特定のWebサイトだけ閲覧できない問題を解決

一部のWebサイトだけ表示できない!?

実家に帰省して家のネットでネットサーフィンをしていたのですが、一部のWebサイトだけ何故か表示できない!

他のサイトは問題なく表示できていたので、サイトのサーバー側の問題だと思っていたのですが…

どうも調べてみると自分のPCに問題がありそう?

DNSリゾルバ

一部のサイトだけ表示できないということは、DNSサーバー周りに問題があるのかも?

ということでまずはnslookupコマンドを使ってみます。

このコマンドはドメイン名を指定するとそのドメイン名のIPアドレス名前解決に利用したDNSサーバを表示してくれるコマンドです。

ターミナル
$ nslookup marsquai.com
Server:		127.0.0.53
Address:	127.0.0.53#53

Non-authoritative answer:
Name:	marsquai.com
Address: 34.84.179.139

どうやら名前解決に利用しているDNSサーバ127.0.0.53のIPアドレスのサーバーを利用しているようです。

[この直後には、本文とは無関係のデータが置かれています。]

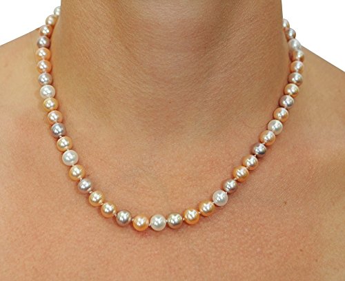 This necklace is a gorgeous 7-8mm Freshwater Multicolor strand that includes a variety of pearl colors including pink, peach, and white of our top quality AAAA pearls. The pearl necklace is a beautiful mixture of colors and comes affixed with a 14K gold clasp in either white or yellow gold. All products are shipped in an elegant jewelry box, creating a truly beautiful presentation.
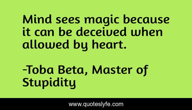 This page presents the quote "Mind sees magic because it can be deceived when allowed by heart.". Author of this quote is Toba Beta, Master of Stupidity. This quote is about heart, decision, magic,.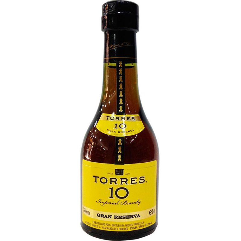 Este formato es ideal para quienes desean experimentar el sabor clásico de Torres 10 antes de adquirir una presentación más grande o para llevarlo como detalle especial en eventos y reuniones.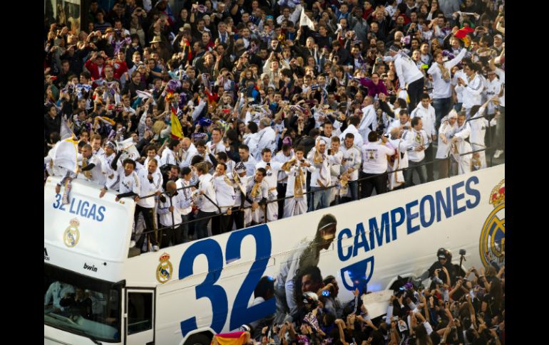 Deportes | Los jugadores fueron recibidos con el tema 'We are the champions' en plaza española Más de 25 mil aficionados celebran al Real Madrid Los jugadores fueron recibidos con el tema clásico 'We are the champions' en la plaza española Cibeles por más de 25 mil aficionados Por: EFE 3 de mayo de 2012 - 14:00 hs MADRID, ESPAÑA (03/MAY/2012).- La plantilla del Real Madrid celebró hoy su trigésimo segundo título de liga junto a más de 25 mil seguidores que se apostaron entre el estadio Santiago Bernabeu y la Plaza de Cibeles, donde el capitán, Iker Casillas, impuso a la estatua de la diosa la bufanda del club. Un fuerte chaparrón no arredró a los seguidores madridistas, que en número superior a los 25 mil, según fuentes de la Policía Municipal, contempló el paso del autobús con los jugadores desde el estadio Santiago Bernabeú hasta el lugar donde el equipo festeja sus grandes éxitos. El tema de Queen "We are the champions", sonando a todo volumen por los altavoces, recibió a los jugadores en Cibeles, donde les esperaba una multitud de aficionados que agitaban sus banderas y bufandas entre nubes de confeti. Sobre la pasarela metálica que circundaba la fuente, los jugadores bailaron y saludaron a los aficionados antes de que el capitán, Iker Casillas, subiera por una escalera preparada al efecto hasta la estatua de la diosa Cibeles para colocarle, como es tradicional, una bufanda del equipo en torno al cuello. "Ha sido una Liga muy difícil, muy sufrida, pero al final la hemos conseguido por toda esta gente que está aquí, que se lo merece todo", señaló Casillas, que con gestos prometió regresar el próximo año con la décima Copa de Europa. Igualmente eufórico se mostró el portugués Cristiano Ronaldo, que quiso compartir con los aficionados su alegría por la conquista de su primer título liguero con el Real Madrid. "La sensación es de mucha felicidad. Es mi primera Liga en España y creo que el equipo y toda esta gente se la merecía. Hemos hecho un año espectacular, el equipo ha estado muy bien y nos merecíamos esta Liga", indicó Cristiano Ronaldo. Los jugadores abandonaron la plataforma coreando el "campeones, campeones, oé, oé, oé" y, enlazados en una locomotora humana, después de festejar el título durante media hora con los congregados, regresaron al autobús para abandonar la plaza. La comitiva había partido a las 19.00 horas del estadio Santiago Bernabeu a bordo de un autobús para dirigirse a Cibeles. El autobús blanco, con matrícula R-Madrid, llevaba inscrito el lema "Campeones, 32 ligas" junto al escudo del club y una foto de los jugadores festejando un gol en la carrocería. Además del técnico, el portugués Jose Mourinho, y de los jugadores, viajaban en el autobús, al principio bajo la lluvia, los miembros del equipo técnico y del cuadro médico del club. El Real Madrid se aseguró el título de liga al vencer este miércoles por 0-3 en su visita al Athletic Club, resultado que le daba, a falta de dos partidos, siete puntos de ventaja sobre el Barcelona, campeón los tres últimos años. Temas Futbol Español Futbol Internacional Real Madrid Lee También Futbol hoy 12 de octubre de 2025: ¿Dónde ver los partidos en vivo? Nos quedamos con sensaciones cortas: Eduardo Arce Hay jugadores que no estuvieron a la altura: Javier Aguirre César Montes intenta justificar la goleada ante Colombia Recibe las últimas noticias en tu e-mail Todo lo que necesitas saber para comenzar tu día Registrarse implica aceptar los Términos y Condiciones

127.0.0.0/8のIPアドレスはループバックアドレスとして設定されているはずなので、ローカルPCで動いている何かのサービスに向いているようです。

一応/etc/resolve.confファイルも確認してみましょう。

このファイルはLinuxの名前解決の設定ファイルです。

ターミナル
$ ls -la /etc/resolv.conf 
lrwxrwxrwx 1 root root 39  4月 11  2018 /etc/resolv.conf -> ../run/systemd/resolve/stub-resolv.conf
$ cat /etc/resolv.conf 
# This file is managed by man:systemd-resolved(8). Do not edit.
#
# This is a dynamic resolv.conf file for connecting local clients to the
# internal DNS stub resolver of systemd-resolved. This file lists all
# configured search domains.
#
# Run "resolvectl status" to see details about the uplink DNS servers
# currently in use.
#
# Third party programs must not access this file directly, but only through the
# symlink at /etc/resolv.conf. To manage man:resolv.conf(5) in a different way,
# replace this symlink by a static file or a different symlink.
#
# See man:systemd-resolved.service(8) for details about the supported modes of
# operation for /etc/resolv.conf.

nameserver 127.0.0.53
options edns0 trust-ad

どうやら/etc/resolv.confSymbolicLinkになっているようです(これは設定が動的な設定であることを表す)。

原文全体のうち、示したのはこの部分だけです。